Living with Anxiety

Recently I found out something about my Mum that I never knew recently – that she suffered from anxiety in her early 20s.

She and her friends all turn a mile stone age this year. In order to celebrate, they all went on an overseas trip. Once on the plane, one of her friends demanded to get off of the plane. A few weeks later I heard my Mum talking to this friend on the phone. She said, “You know, if it’s an anxiety thing, you can tell me. I’ve dealt with it enough in my life.”

This is an exploration into understanding the anxiety of the people close to me, something I live alongside but have never quite understood completely.

“I was pregnant with my second girl, I was in a shopping centre lining up for lunch for my brother who was in hospital. I remember that day they told us, my Dad and my Mum that he probably was going to die […] I had you. It was a very stressful period of my life.”

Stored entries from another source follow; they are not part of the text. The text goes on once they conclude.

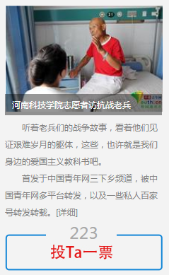3.《河南科技学院志愿者访抗战老兵》(搜索关键词:河南科技学院)
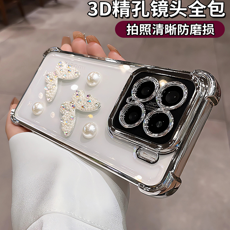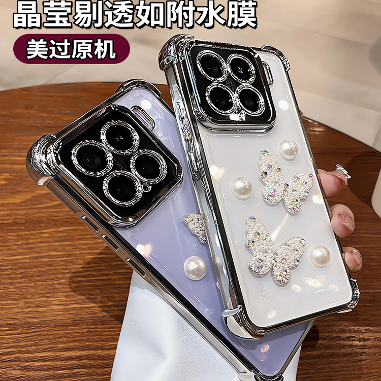蝴蝶珍珠适用小米15手机壳新款小米14超防摔13pro透明12pro天玑版高级红米note14镜头全包civi气囊红米K80女
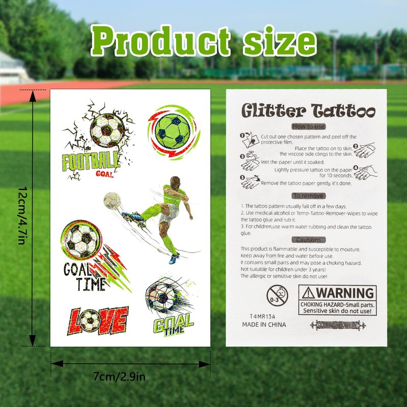 This glitter temporary tattoos is not only suitable for soccer sporting events, birthday party, holiday celebrations and other events, but also a great choice to express your passion for soccer. Both kids and adults can enjoy the fun and personality of this tattoo sticker.

Everyone has different triggers, different ways that their body reacts to the pressures of anxiety. For my Mum, it is places where she felt trapped, “I’ve dealt with it…but it used to be places where I felt trapped. So, if I was in the middle of a restaurant and not on the edges or near the door; on a bus, on a train, on a plane. Anywhere that was a big outing without my husband.”

Ruby, a close friend who is still dealing with her anxiety, explains that there is internal signs and physical signs of her anxiety. “My leg will bounce, usually uncontrollably…you’re constantly worrying, thinking about it and talking yourself up. That’s usually the worst part because you don’t think it’s going to end. […] I’ll get it at work sometimes, when I’m working on the register. Even just little things, like I will give the person their change and receipt and when they don’t leave immediately, I will start feeling my signs of anxiety.”

The Beyond Blue website highlights that anxiety is the most common mental illness suffered in Australia, more commonly affecting women than men. These people struggle with it, and it is hardly recognized in our society. This piece is intended to provide some kind of insight to people and their dealings with anxiety.